这时,仆人将早饭一一端上桌,许说:“陪爹一起用吧,吃完跟爹一起出去走走。”
“好。”许阡陌答应着入座。
早饭后,父子俩一起出了许府大门,街上人来人往,热闹非凡。两人走到许、傅两家共同产业下的酒楼,“君陌酒楼”。
酒楼分三层,一楼是大厅,二楼与三楼呈中空状,站在楼上的楼栏处,可以俯视大厅的所有。二楼是雅间,说是雅间不过是用帘子隔着。帘子拉上是封闭着的,外人不得窥见,极具隐私,帘子拉开则可环视酒楼全貌。三楼有一半是不对外开放的,那是许家私有的,另一半则是与人洽商时方用的。不若二楼的帘子,而是一间间的房子。
父子两人走上三楼许家私有的雅间,里面空无一人。许阡陌也不多问,只是陪着许有一搭没一搭的聊着。
“我已经差人去请你铭叔叔了,我们等等。”
许阡陌怔了怔,说,“铭叔是长辈,儿子等他是应该的。”
许笑说:“其实你今日是打算去见君幻的吧,只是“半路杀出个程咬金”被爹拦住了。”
被父亲这么一说,许阡陌有些不自在。瞧父亲一脸的打趣,他所幸承认:“儿子此刻的心情,父亲怕是再理解不过了。既然父亲都明白,那有什么事您还是赶紧的说吧。”

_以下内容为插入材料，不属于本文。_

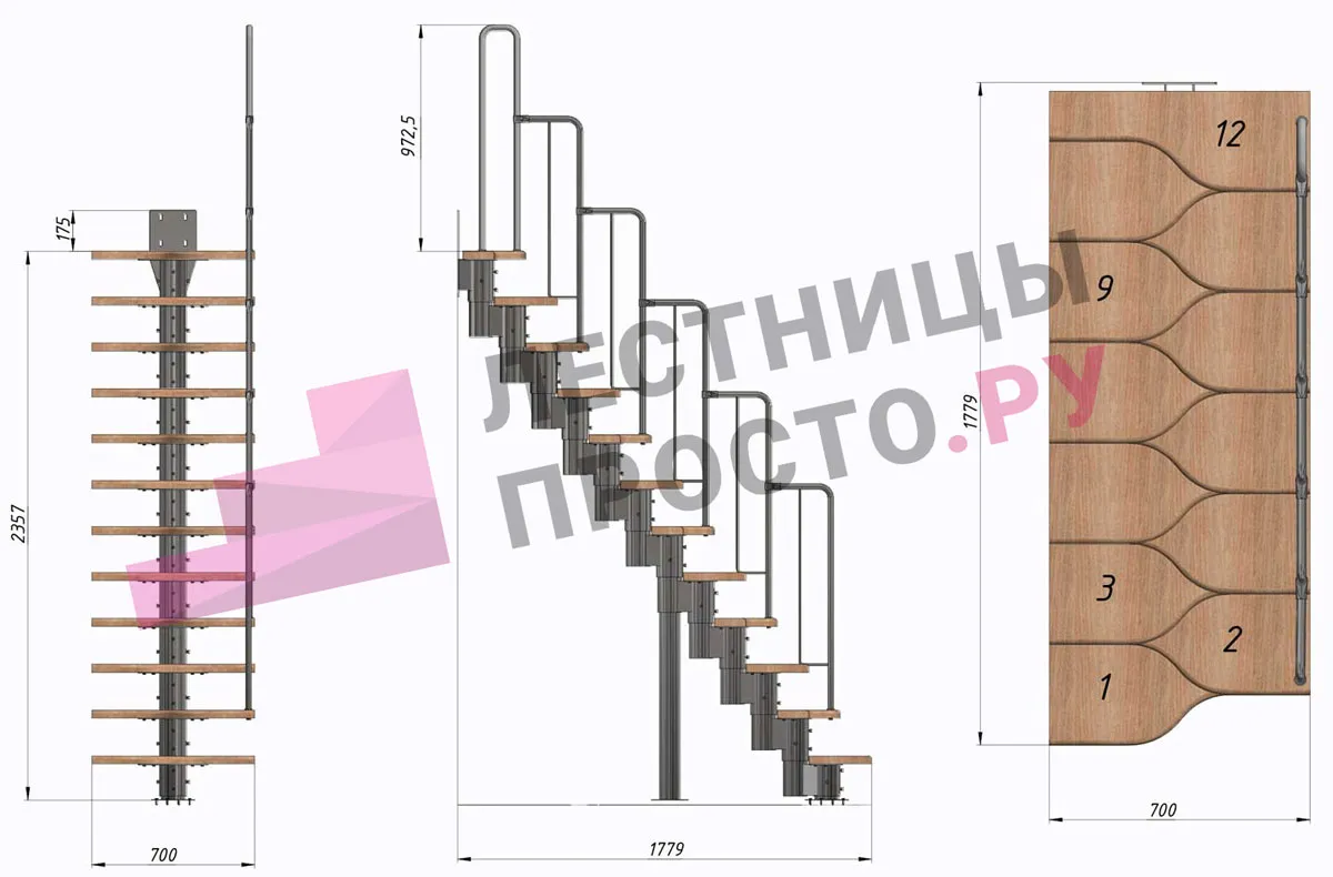 Лестница Prosto Urban Black гусиный шаг 700 мм, h216-312 см (12 ступеней), бук
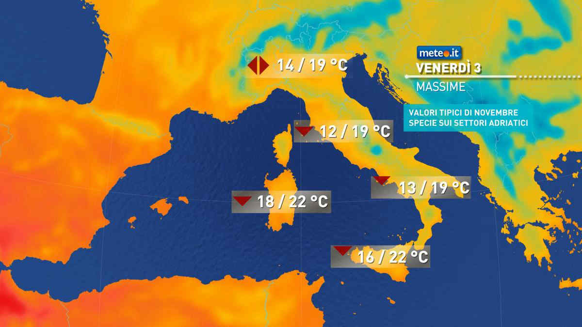 Temperature massime in ulteriore leggera diminuzione su medio Adriatico, Sud e Isole, senza grandi variazioni altrove; valori anche al di sotto della norma, specialmente nelle regioni orientali. Venti da tesi a burrascosi di Tramontana al Centro-Sud, con raffiche tra i 60 e i 90 Km/h.

许笑言:“一年都过来了,你想见君幻,还差这一会儿啊。再说,你不是最爱在晚上翻墙越户的吗。”现在还是白天,急什么。
许阡陌说:“父亲,您得庆幸此刻母亲不在这儿。”
“……为何?”
许阡陌撤了撤身子说:“取笑您一个人多没意思,要笑,也是笑一对交颈鸳鸯啊!”
已经四十出头的许在儿子的打趣下摇头失笑。
许派来的小厮,到了傅府,恭敬的说:“我家老爷让小人知会傅老爷一声,说他与我家少爷在“君陌酒楼”等您。
“好,我知道了。你先等等,我随后就来。”傅铭说。
那小厮又说:“我家二小姐病了,二小姐说想见见傅夫人。”
“之双病了?”那丫头的身子一向好,怎么病了?“严重吗?”傅铭问。
“是的,二小姐染了风寒。”小厮答道。
“好了,我都知道了。你先在外面侯着,夫人去护国寺了,我派人去寻。”傅铭说。
两人俯着窗沿俯瞰酒楼后的护城河,两岸花红柳绿。站在三楼,视线足以看到皇城。
许静默片刻说:“都说人生有四喜,其中一喜是:金榜题名时。阡陌,”指着那一座座的宏伟,许问:“那里,好吗?”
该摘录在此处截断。